:: Given data ::

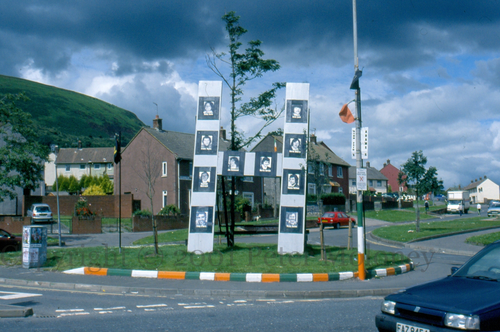 For the twentieth anniversary of the hunger strikes (1981-2001), a large H with portraits of the ten deceased strikers, plus Michael Gaughan and Frank Stagg.
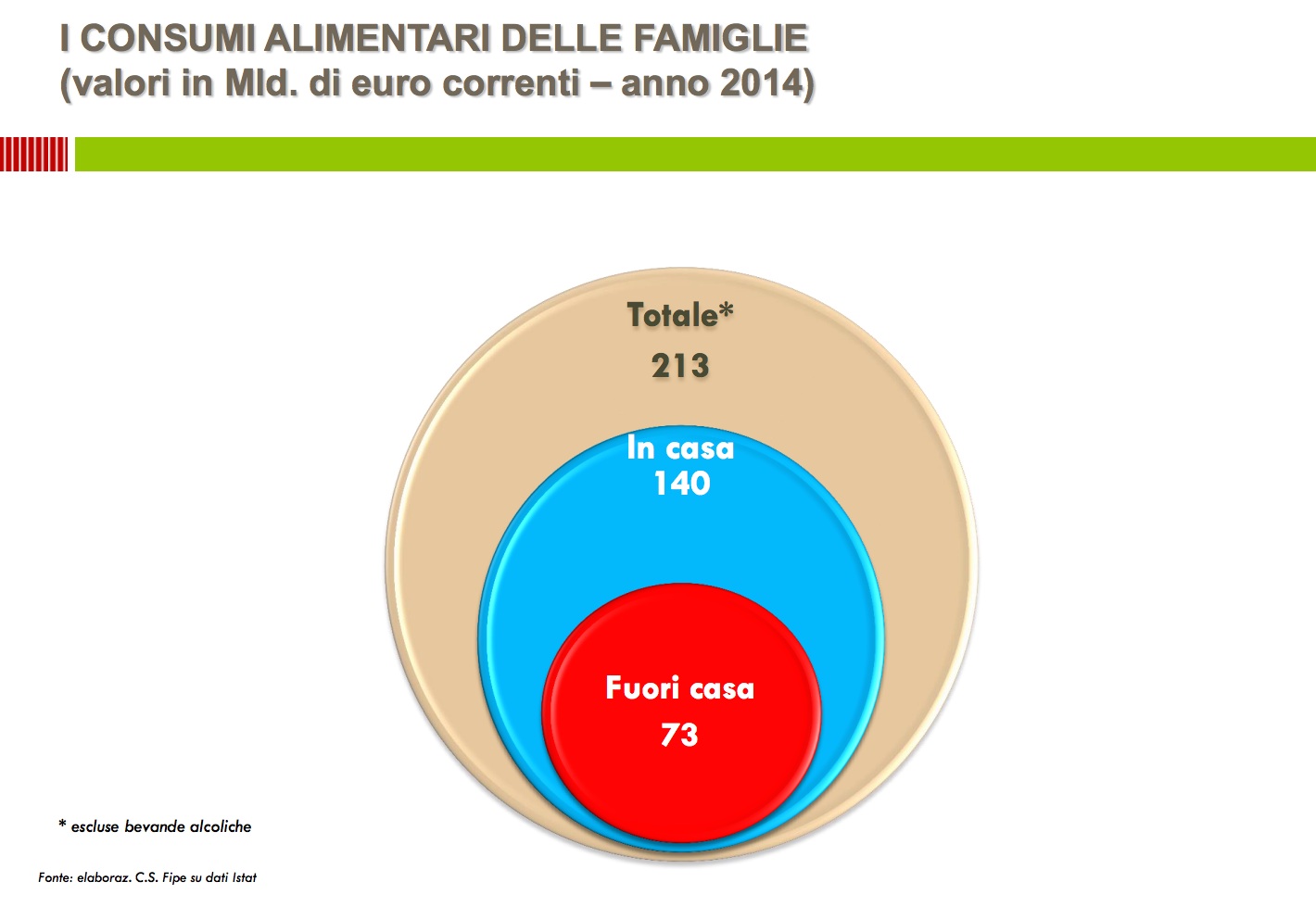 Numeri alla mano, secondo l’ultimo report del Fipe (Federazione italiana pubblici uffici), risulta che la spesa delle famiglie per il “fuori casa” è stata nel 2014 di 73 miliardi di euro, di cui 18 miliardi di euro hanno riguardato i bar nelle loro diverse tipologie.
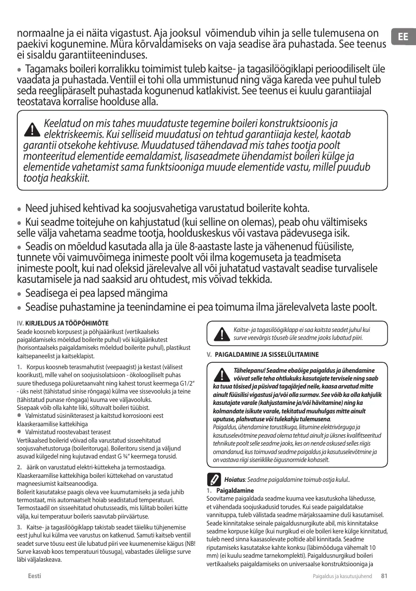 Keelatud on mis tahes muudatuste tegemine boileri konstruktsioonis ja
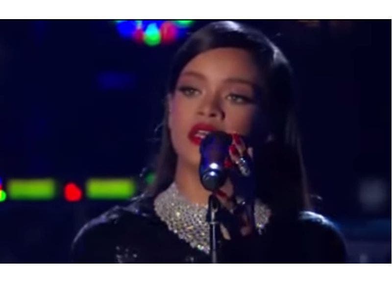 Screenshot of Rihanna performing ”Diamonds” at the free Concert for Valor in Washington, D.C., in November 2014, from Rihanna VidiestMusic/YouTube.
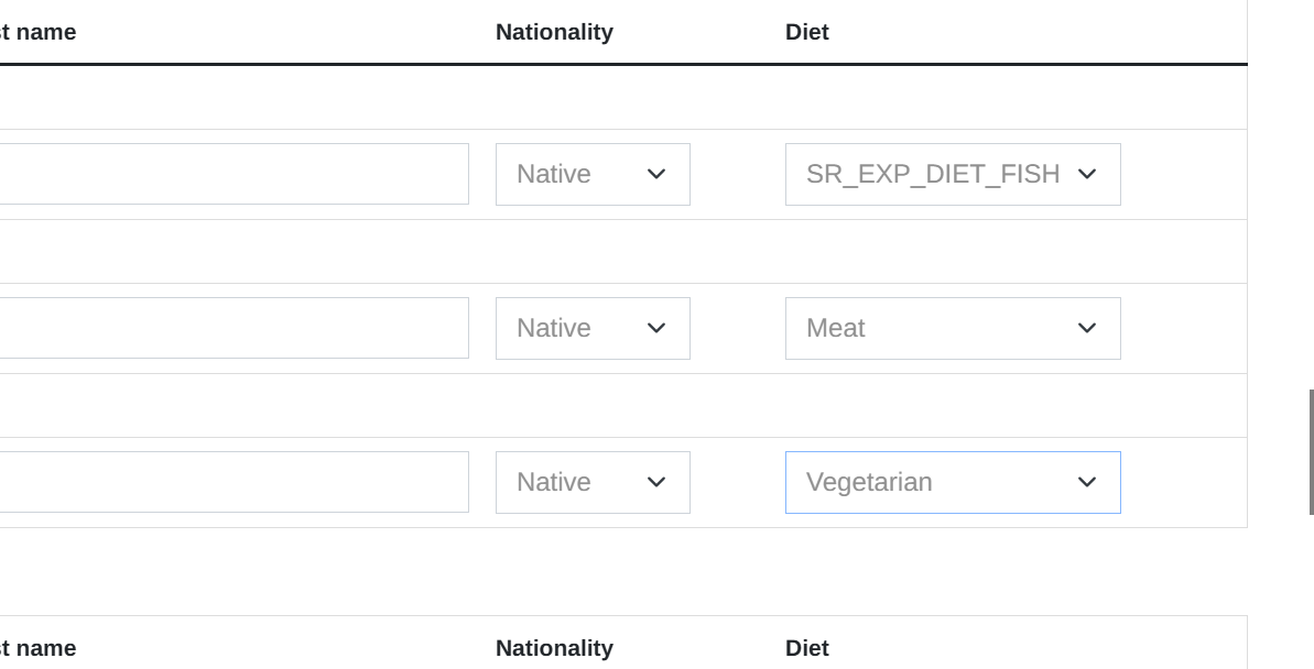 I tried also putting Fish instead of Vegan, but it appears SR_EXP_DIET_FISH (Capture-2).

:::

_Problem to solve_
The lines to be transcribed are those from the first line of the data above through the line holding "Screenshot of Rihanna", inclusive; copy them exactly and only, leaving out the pictures.

_Reply_
 For the twentieth anniversary of the hunger strikes (1981-2001), a large H with portraits of the ten deceased strikers, plus Michael Gaughan and Frank Stagg.
 Numeri alla mano, secondo l’ultimo report del Fipe (Federazione italiana pubblici uffici), risulta che la spesa delle famiglie per il “fuori casa” è stata nel 2014 di 73 miliardi di euro, di cui 18 miliardi di euro hanno riguardato i bar nelle loro diverse tipologie.
 Keelatud on mis tahes muudatuste tegemine boileri konstruktsioonis ja
 Screenshot of Rihanna performing ”Diamonds” at the free Concert for Valor in Washington, D.C., in November 2014, from Rihanna VidiestMusic/YouTube.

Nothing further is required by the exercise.